::: DATASET ENTRIES

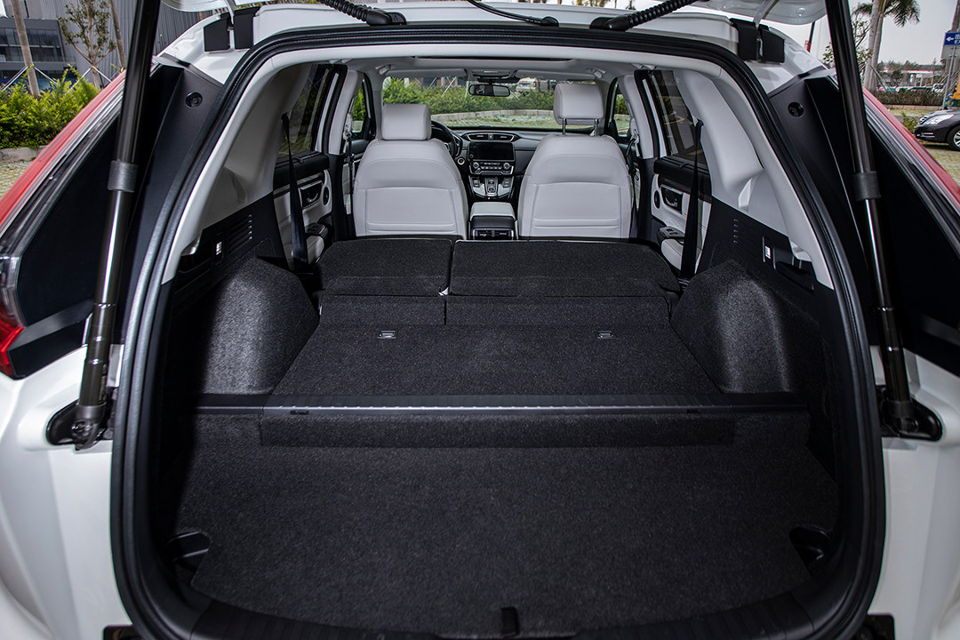 值得一提的是空间表现,除了没有备胎,你不会感觉到CR-V插电混动版车内有哪方面为电池布局做出了妥协,空间体验与燃油版一致,后排依旧可以折叠放倒,该有的置物空间一个不少。空间很本田。
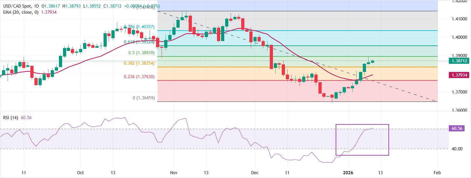 Tỷ giá USD/CAD tiếp tục đà tăng kéo dài hai tuần, đạt gần mức 1.3871 vào thứ Sáu, trước thềm công bố dữ liệu việc làm phi nông nghiệp (NFP) của Mỹ . Đường trung bình động lũy thừa 20 ngày (EMA) đã vượt lên mức 1.3793 và cặp tỷ giá này giữ vững trên mức đó, duy trì xu hướng tăng giá trong ngắn hạn.
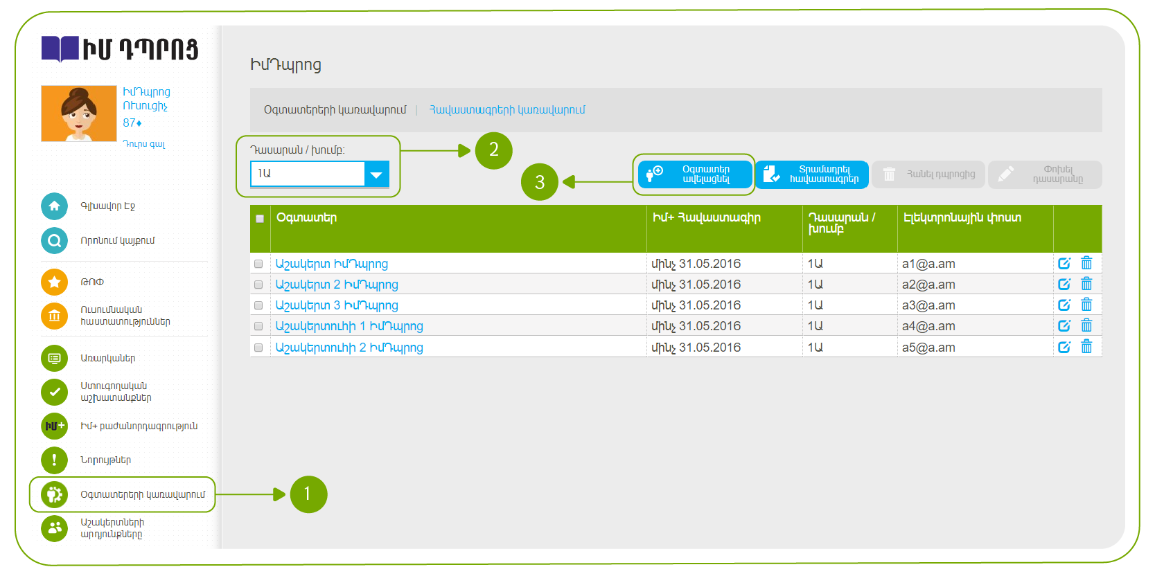 Նոր աշակերտ գրանցելու համար, սեղմեք «Օգտատեր ավելացնել» կոճակը ③։
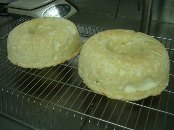 今天輪到我考試了,班上有一半的人今天要模擬考,我是下午場,上午場的同學抽到的題目是巧克力戚楓捲和奶油大理石蛋糕;我們下午場的則是蒸烤雞蛋牛奶布丁和香草天使蛋糕。 考試的氣氛還好,下午場的先考學科,再來抽籤(不過其實今天也只有這兩種籤),聽到要做天使時我差點昏倒,不是因為天使很難(對我來說每一樣都很難
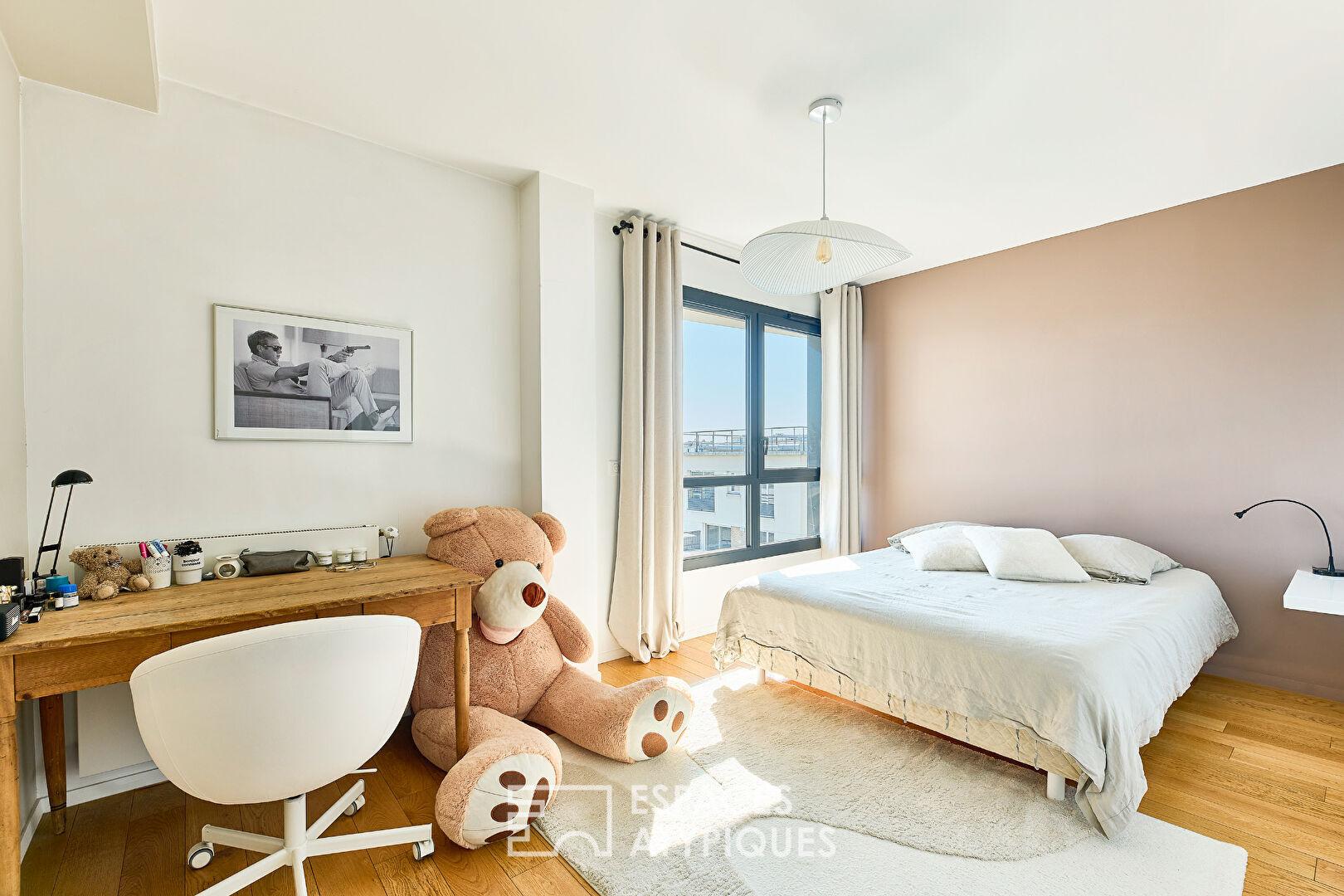 Au coeur du Triangle d’Or de Pantin, aux premières loges du canal de l’Ourcq, ce duplex d’exception de 131,60 m2 Carrez niché au dernier étage d’un immeuble de standing (2018) allie architecture contemporaine et vues cinématographiques.

::::::

- _TASK STATEMENT_: A faithful copy of the data is required: each word kept, each picture omitted.

- _SOLUTION_:
 值得一提的是空间表现,除了没有备胎,你不会感觉到CR-V插电混动版车内有哪方面为电池布局做出了妥协,空间体验与燃油版一致,后排依旧可以折叠放倒,该有的置物空间一个不少。空间很本田。
 Tỷ giá USD/CAD tiếp tục đà tăng kéo dài hai tuần, đạt gần mức 1.3871 vào thứ Sáu, trước thềm công bố dữ liệu việc làm phi nông nghiệp (NFP) của Mỹ . Đường trung bình động lũy thừa 20 ngày (EMA) đã vượt lên mức 1.3793 và cặp tỷ giá này giữ vững trên mức đó, duy trì xu hướng tăng giá trong ngắn hạn.
 Նոր աշակերտ գրանցելու համար, սեղմեք «Օգտատեր ավելացնել» կոճակը ③։
 今天輪到我考試了,班上有一半的人今天要模擬考,我是下午場,上午場的同學抽到的題目是巧克力戚楓捲和奶油大理石蛋糕;我們下午場的則是蒸烤雞蛋牛奶布丁和香草天使蛋糕。 考試的氣氛還好,下午場的先考學科,再來抽籤(不過其實今天也只有這兩種籤),聽到要做天使時我差點昏倒,不是因為天使很難(對我來說每一樣都很難
 Au coeur du Triangle d’Or de Pantin, aux premières loges du canal de l’Ourcq, ce duplex d’exception de 131,60 m2 Carrez niché au dernier étage d’un immeuble de standing (2018) allie architecture contemporaine et vues cinématographiques.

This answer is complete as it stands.